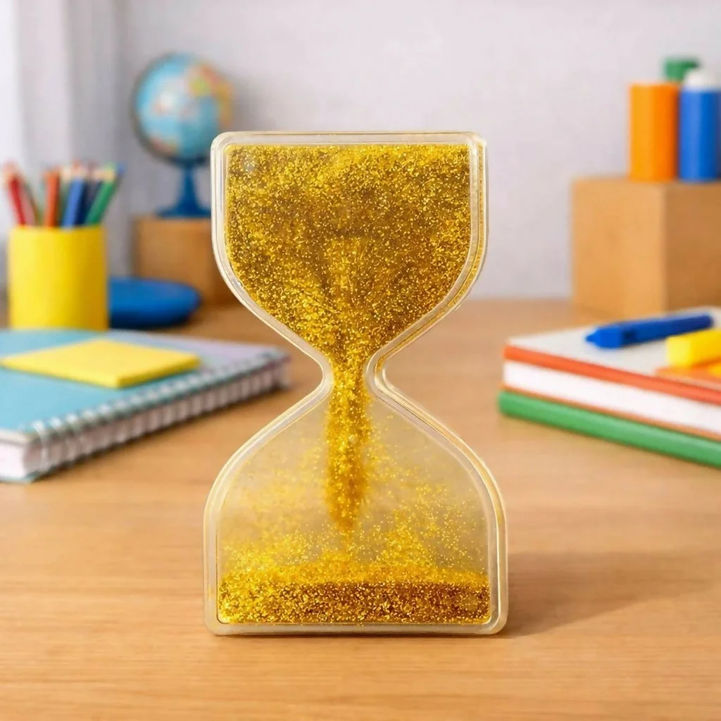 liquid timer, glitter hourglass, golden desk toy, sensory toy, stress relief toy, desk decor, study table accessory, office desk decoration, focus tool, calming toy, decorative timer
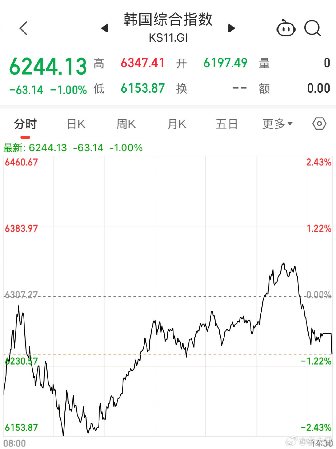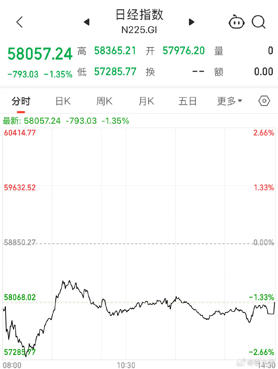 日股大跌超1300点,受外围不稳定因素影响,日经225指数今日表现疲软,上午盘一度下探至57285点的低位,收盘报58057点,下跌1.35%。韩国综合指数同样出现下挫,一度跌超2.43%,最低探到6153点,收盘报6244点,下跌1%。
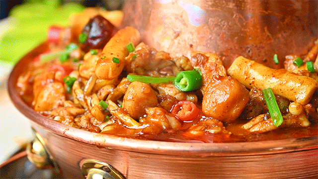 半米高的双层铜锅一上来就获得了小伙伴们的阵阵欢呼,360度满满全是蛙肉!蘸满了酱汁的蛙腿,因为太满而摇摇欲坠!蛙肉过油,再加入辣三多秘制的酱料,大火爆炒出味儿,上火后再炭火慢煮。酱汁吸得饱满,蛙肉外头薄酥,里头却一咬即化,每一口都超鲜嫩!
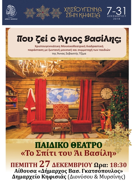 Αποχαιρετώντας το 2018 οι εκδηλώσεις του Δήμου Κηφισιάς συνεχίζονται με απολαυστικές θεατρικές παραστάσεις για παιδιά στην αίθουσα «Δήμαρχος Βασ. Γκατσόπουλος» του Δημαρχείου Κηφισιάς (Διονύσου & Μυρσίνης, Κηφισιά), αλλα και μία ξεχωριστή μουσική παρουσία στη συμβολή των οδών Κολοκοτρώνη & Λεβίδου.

--

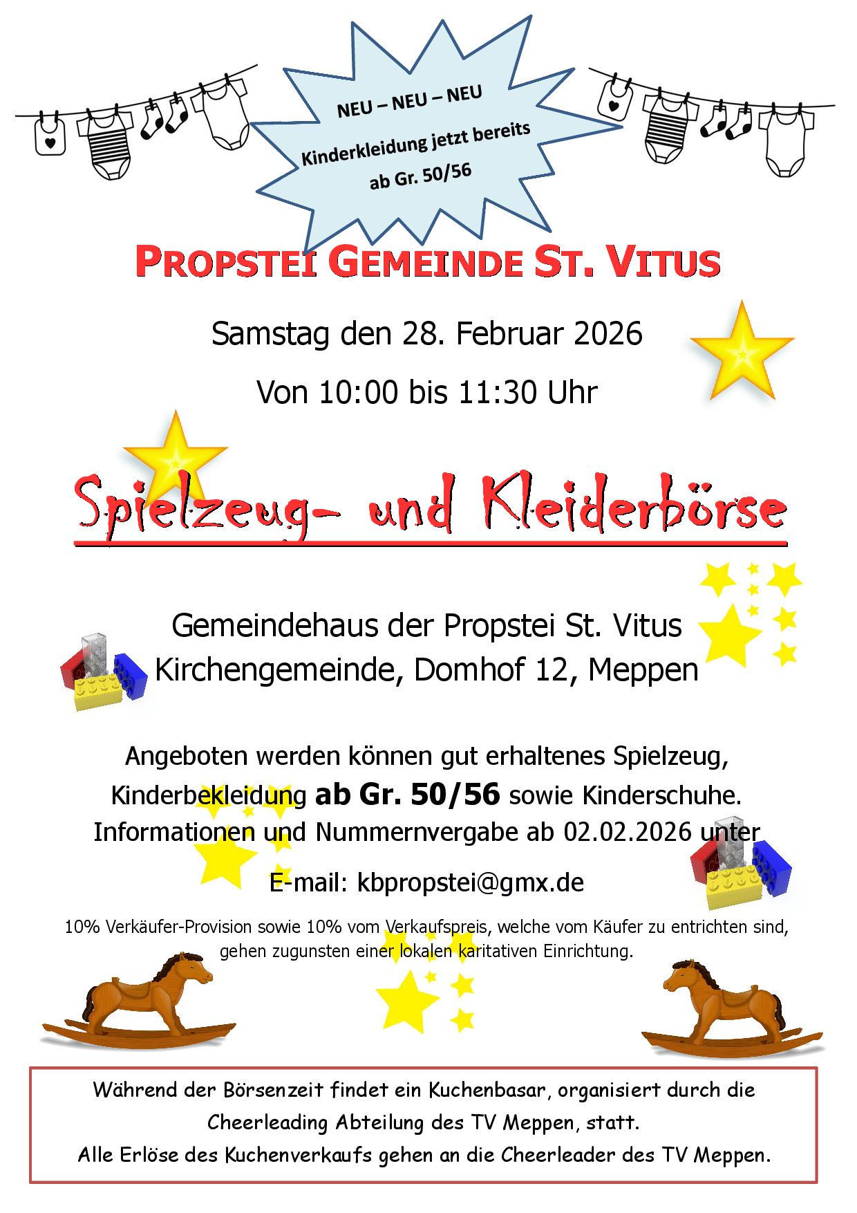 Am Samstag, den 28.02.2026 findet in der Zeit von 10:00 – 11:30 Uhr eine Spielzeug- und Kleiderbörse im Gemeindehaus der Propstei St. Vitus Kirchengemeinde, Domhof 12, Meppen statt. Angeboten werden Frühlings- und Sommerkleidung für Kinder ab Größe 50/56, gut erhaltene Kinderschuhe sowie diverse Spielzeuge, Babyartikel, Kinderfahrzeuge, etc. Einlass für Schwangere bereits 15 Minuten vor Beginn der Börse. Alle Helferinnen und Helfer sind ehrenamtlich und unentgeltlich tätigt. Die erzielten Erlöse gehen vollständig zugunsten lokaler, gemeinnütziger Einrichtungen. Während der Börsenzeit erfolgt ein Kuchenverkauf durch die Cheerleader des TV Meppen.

--

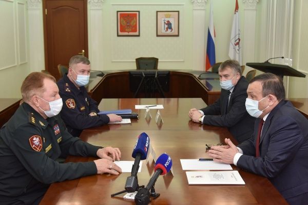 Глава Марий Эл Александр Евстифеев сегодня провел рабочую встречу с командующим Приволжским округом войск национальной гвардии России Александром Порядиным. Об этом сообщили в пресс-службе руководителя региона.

◆ EXERCISE REQUIREMENTS: Copy only what runs above from the line containing "liquid timer, glitter" through the line containing "半米高的双层铜锅一上来就获得", exactly. Leave out the pictures.

◆ EXERCISE ANSWER:
 liquid timer, glitter hourglass, golden desk toy, sensory toy, stress relief toy, desk decor, study table accessory, office desk decoration, focus tool, calming toy, decorative timer
 日股大跌超1300点,受外围不稳定因素影响,日经225指数今日表现疲软,上午盘一度下探至57285点的低位,收盘报58057点,下跌1.35%。韩国综合指数同样出现下挫,一度跌超2.43%,最低探到6153点,收盘报6244点,下跌1%。
 半米高的双层铜锅一上来就获得了小伙伴们的阵阵欢呼,360度满满全是蛙肉!蘸满了酱汁的蛙腿,因为太满而摇摇欲坠!蛙肉过油,再加入辣三多秘制的酱料,大火爆炒出味儿,上火后再炭火慢煮。酱汁吸得饱满,蛙肉外头薄酥,里头却一咬即化,每一口都超鲜嫩!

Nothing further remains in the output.